Can the input and output of deep_agent's sub-agents be output in streaming mode?

When I use deep_agent to call sub-agents, I want to get the input and output of the sub-agents. But as sub-agents, these processes will not be exposed in 【content】, because they are used as tool calls.

The input of the sub-agent is passed as the task description in 【AI_Message → tool_calls → args → description】.

The output is returned as a ToolMessage.

The effect I originally wanted was to have it output as 【AIMessagesChunk】, but this is clearly not compliant with the specification.

So I have to extract these outputs using 【values】 or other methods, which is not very friendly for interaction.

hi @Huimin-station

I’ve created this script, maybe it could help somehow:

"""
Demo: Streaming sub-agent input/output with Deep Agents.

Shows three approaches to observe sub-agent execution in real time:
  1. `stream_mode="updates"` + `subgraphs=True`  -- structured step-by-step output
  2. `stream_mode="messages"` + `subgraphs=True`  -- token-by-token LLM streaming
  3. Combined modes (`["updates", "messages"]`) with v2 format

Requirements:
- OPENAI_API_KEY in environment (or .env)
- POSTGRES_URI in environment (or .env), e.g.:
    postgresql://postgres:postgres@localhost:5432/postgres?sslmode=disable

Run:
  python src/deepagents_subagent_streaming_anthropic_postgres.py
"""

import os

from dotenv import load_dotenv
from langchain_core.messages import AIMessageChunk, HumanMessage
from langgraph.checkpoint.postgres import PostgresSaver
from langgraph.types import Overwrite

from deepagents import SubAgent, create_deep_agent


def _require_env(name: str) -> str:
    value = os.getenv(name)
    if not value:
        raise RuntimeError(f"Missing required env var: {name}")
    return value


# ---------------------------------------------------------------------------
# Helpers
# ---------------------------------------------------------------------------

def _format_ns(ns: tuple[str, ...]) -> str:
    """Format a LangGraph namespace tuple for display."""
    if not ns:
        return "root"
    return " > ".join(ns)


def _unwrap(value):
    """Unwrap an Overwrite wrapper if present, otherwise return as-is."""
    if isinstance(value, Overwrite):
        return value.value
    return value


def _content_to_str(content) -> str:
    """Normalize message content to a string.

    Content can be a str, a list of content blocks (dicts with 'text' keys),
    or None.
    """
    if not content:
        return ""
    if isinstance(content, str):
        return content
    if isinstance(content, list):
        parts = []
        for block in content:
            if isinstance(block, str):
                parts.append(block)
            elif isinstance(block, dict) and "text" in block:
                parts.append(block["text"])
        return " ".join(parts)
    return str(content)


def _separator(title: str) -> None:
    print(f"\n{'=' * 60}")
    print(f"  {title}")
    print(f"{'=' * 60}\n")


# ---------------------------------------------------------------------------
# Sub-agent definitions
# ---------------------------------------------------------------------------

researcher: SubAgent = {
    "name": "researcher",
    "description": "Researches a topic and provides a concise summary with key findings.",
    "system_prompt": (
        "You are a researcher.
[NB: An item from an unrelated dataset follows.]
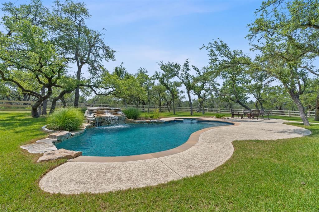 Serene Sanctuary in the Heart of Dripping Springs, Nestled amidst gentle hills in the heart of Dripping Springs, this extraordinary 55-acre ranch offers a truly unique and unparalleled experience. As you enter through the privately gated entrance situated at the back of a tranquil cul-de-sac, you'll immediately feel a sense of peace and seclusion. The property is fully fenced, ensuring privacy and security, allowing you to immerse yourself in the serene beauty of the natural surroundings. This ranch is a haven for animals of all kinds. Vast expanse of usable acres, this property features a well-appointed horse stable and barn, providing ample space and comfort for your equine companions. Additionally, the gentle hills and open fields create an ideal environment for grazing and roaming. Whether you have horses, livestock, or simply enjoy observing wildlife, this ranch offers a unique opportunity to indulge in your love for animals.The centerpiece of relaxation is the exquisite luxury pool, complete with a cascading waterfall, providing a refreshing oasis on hot Texas days. The property also benefits from an agricultural exemption, making it an ideal choice for those seeking to cultivate the land or engage in agricultural pursuits. Despite its secluded ambiance, this ranch is conveniently located just 10 minutes away from everything Dripping Springs has to offer, including shopping, dining, and entertainment options.

When given a topic, provide a concise 2-3 paragraph "
        "summary with key facts. Be direct and factual."
    ),
}

writer: SubAgent = {
    "name": "writer",
    "description": "Takes research notes and writes a polished short article.",
    "system_prompt": (
        "You are a writer. When given research notes or a topic, write a polished "
        "short article (3-4 paragraphs). Use clear, engaging prose."
    ),
}


# ---------------------------------------------------------------------------
# Streaming demos
# ---------------------------------------------------------------------------

def demo_stream_updates(agent, thread_id: str) -> None:
    """Stream sub-agent execution with `stream_mode='updates'`.

    Each node update from both the main agent and sub-agents is emitted
    as a structured dict keyed by node name.
    """
    _separator("Demo 1: stream_mode='updates' + subgraphs=True")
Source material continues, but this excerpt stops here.